**Record extracts:**
┌────────
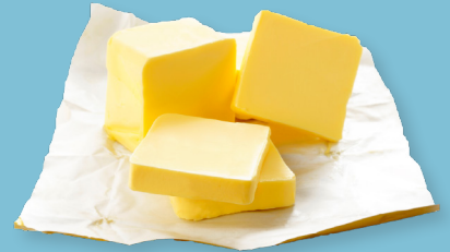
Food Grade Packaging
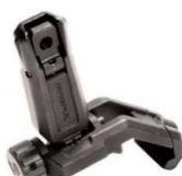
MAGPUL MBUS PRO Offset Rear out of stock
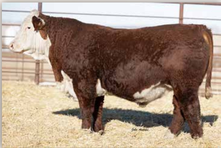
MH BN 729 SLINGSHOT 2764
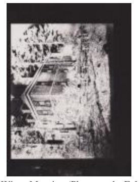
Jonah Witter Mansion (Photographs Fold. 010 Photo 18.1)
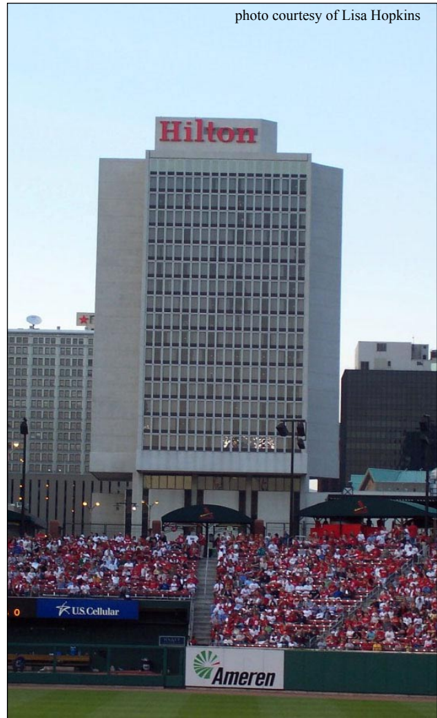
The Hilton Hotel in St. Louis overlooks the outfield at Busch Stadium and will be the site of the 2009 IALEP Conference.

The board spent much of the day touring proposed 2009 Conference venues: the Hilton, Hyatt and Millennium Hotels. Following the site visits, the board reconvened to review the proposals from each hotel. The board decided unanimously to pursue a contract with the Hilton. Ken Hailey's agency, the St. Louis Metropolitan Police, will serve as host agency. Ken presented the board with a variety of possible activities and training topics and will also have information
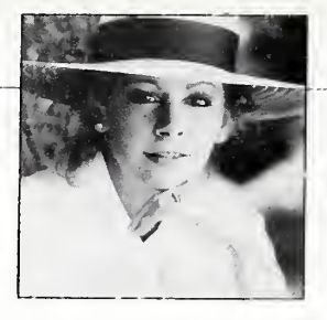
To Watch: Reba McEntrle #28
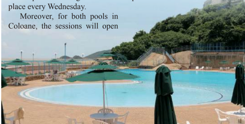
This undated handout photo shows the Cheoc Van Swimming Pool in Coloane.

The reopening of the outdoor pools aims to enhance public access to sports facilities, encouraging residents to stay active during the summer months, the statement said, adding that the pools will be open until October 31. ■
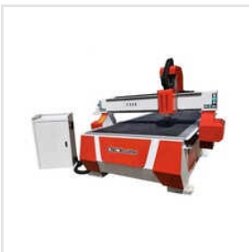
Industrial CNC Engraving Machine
└────────
**To do:**
Each line above should be written out again exactly, without any image.

**Problem solution:**
Food Grade Packaging
MAGPUL MBUS PRO Offset Rear out of stock
MH BN 729 SLINGSHOT 2764
Jonah Witter Mansion (Photographs Fold. 010 Photo 18.1)
The Hilton Hotel in St. Louis overlooks the outfield at Busch Stadium and will be the site of the 2009 IALEP Conference.

The board spent much of the day touring proposed 2009 Conference venues: the Hilton, Hyatt and Millennium Hotels. Following the site visits, the board reconvened to review the proposals from each hotel. The board decided unanimously to pursue a contract with the Hilton. Ken Hailey's agency, the St. Louis Metropolitan Police, will serve as host agency. Ken presented the board with a variety of possible activities and training topics and will also have information
To Watch: Reba McEntrle #28
This undated handout photo shows the Cheoc Van Swimming Pool in Coloane.

The reopening of the outdoor pools aims to enhance public access to sports facilities, encouraging residents to stay active during the summer months, the statement said, adding that the pools will be open until October 31. ■
Industrial CNC Engraving Machine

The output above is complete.